*** Data to process Section Begins ***

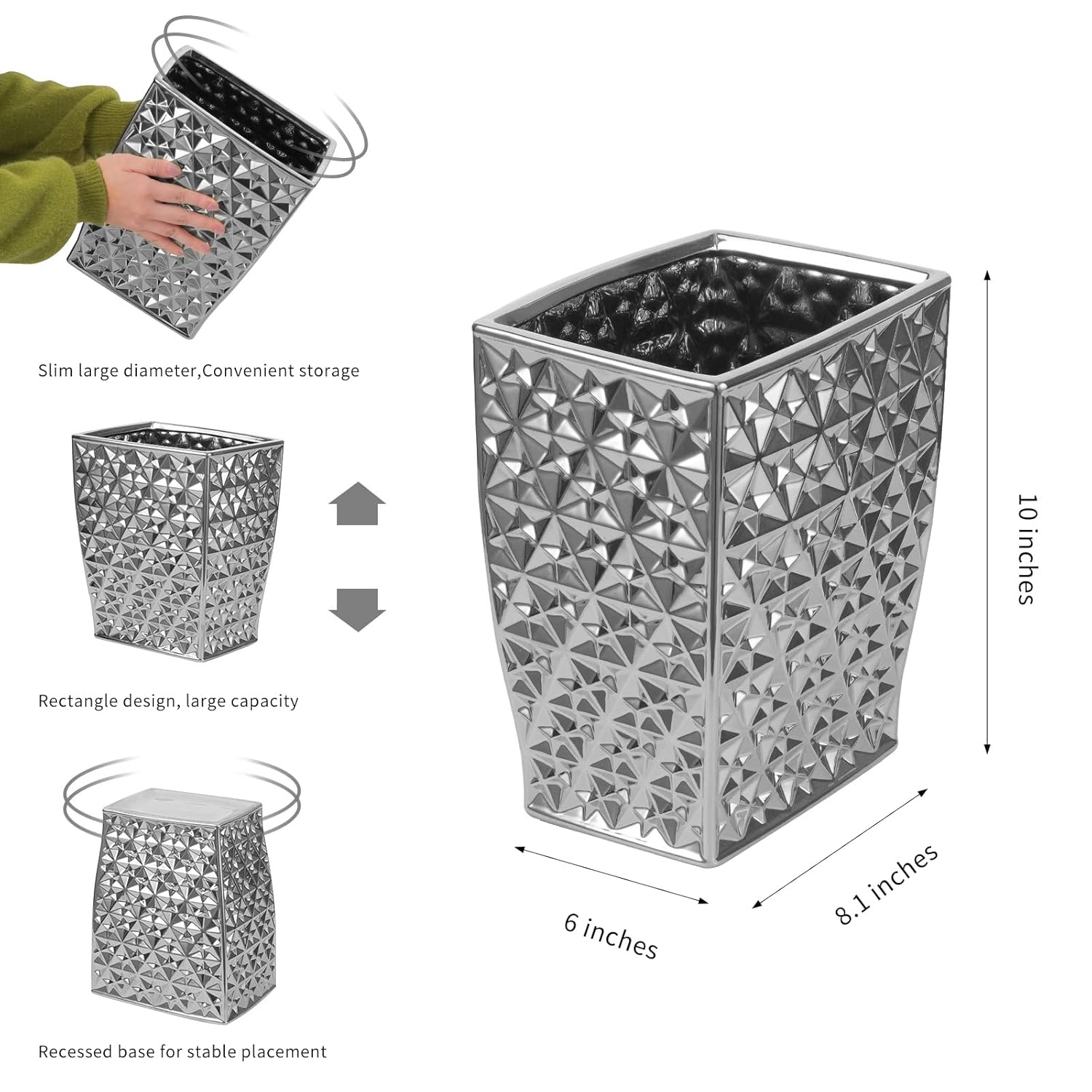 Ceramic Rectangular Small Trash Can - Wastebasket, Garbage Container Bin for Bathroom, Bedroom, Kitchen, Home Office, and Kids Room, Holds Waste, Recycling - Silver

*** Data to process Section Ends ***
*** Data to process Section Begins ***

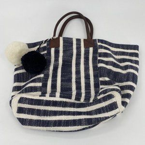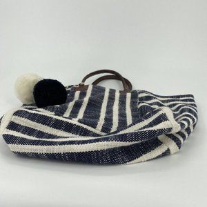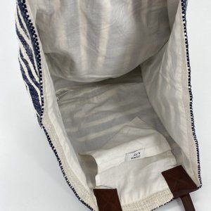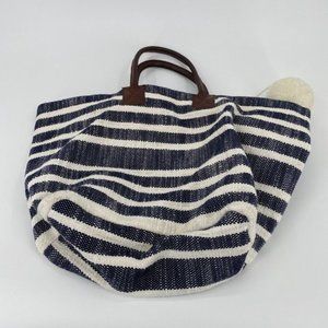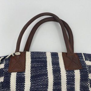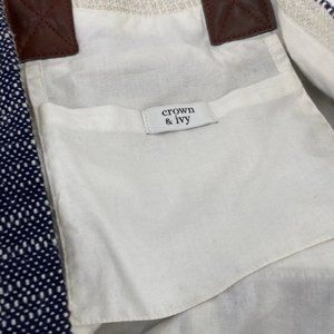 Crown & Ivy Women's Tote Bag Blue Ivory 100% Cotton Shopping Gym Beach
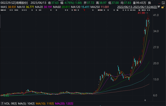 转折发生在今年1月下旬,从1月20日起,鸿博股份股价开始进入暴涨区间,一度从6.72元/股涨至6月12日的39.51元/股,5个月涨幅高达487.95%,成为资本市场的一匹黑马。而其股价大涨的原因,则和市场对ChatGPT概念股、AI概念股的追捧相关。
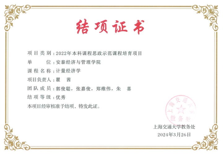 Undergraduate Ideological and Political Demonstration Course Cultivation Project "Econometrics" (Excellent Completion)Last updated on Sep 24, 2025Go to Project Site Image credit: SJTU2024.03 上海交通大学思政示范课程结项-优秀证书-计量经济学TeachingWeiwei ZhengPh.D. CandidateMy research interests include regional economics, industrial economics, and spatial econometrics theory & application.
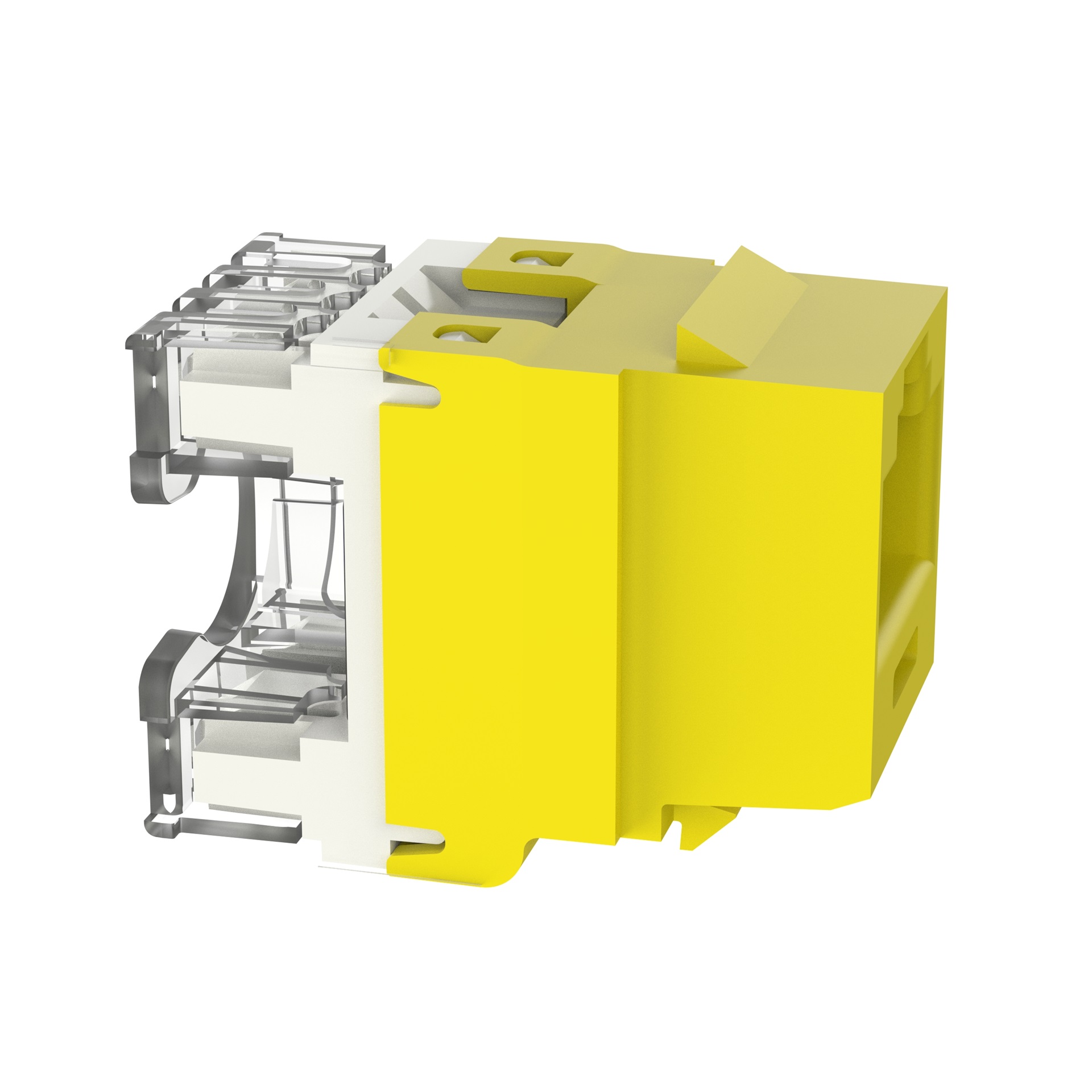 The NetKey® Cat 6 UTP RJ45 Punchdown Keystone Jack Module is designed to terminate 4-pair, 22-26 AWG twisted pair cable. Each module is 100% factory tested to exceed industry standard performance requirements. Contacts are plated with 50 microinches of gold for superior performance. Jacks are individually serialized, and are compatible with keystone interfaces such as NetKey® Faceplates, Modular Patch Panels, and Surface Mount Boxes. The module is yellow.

*** Data to process Section Ends ***

Work task - Here the job is to copy the stretch of records from the line containing "Crown & Ivy" through the line containing "Undergraduate Ideological and", word for word. Leave every picture out.

Answer for this exercise -
 Crown & Ivy Women's Tote Bag Blue Ivory 100% Cotton Shopping Gym Beach
 转折发生在今年1月下旬,从1月20日起,鸿博股份股价开始进入暴涨区间,一度从6.72元/股涨至6月12日的39.51元/股,5个月涨幅高达487.95%,成为资本市场的一匹黑马。而其股价大涨的原因,则和市场对ChatGPT概念股、AI概念股的追捧相关。
 Undergraduate Ideological and Political Demonstration Course Cultivation Project "Econometrics" (Excellent Completion)Last updated on Sep 24, 2025Go to Project Site Image credit: SJTU2024.03 上海交通大学思政示范课程结项-优秀证书-计量经济学TeachingWeiwei ZhengPh.D. CandidateMy research interests include regional economics, industrial economics, and spatial econometrics theory & application.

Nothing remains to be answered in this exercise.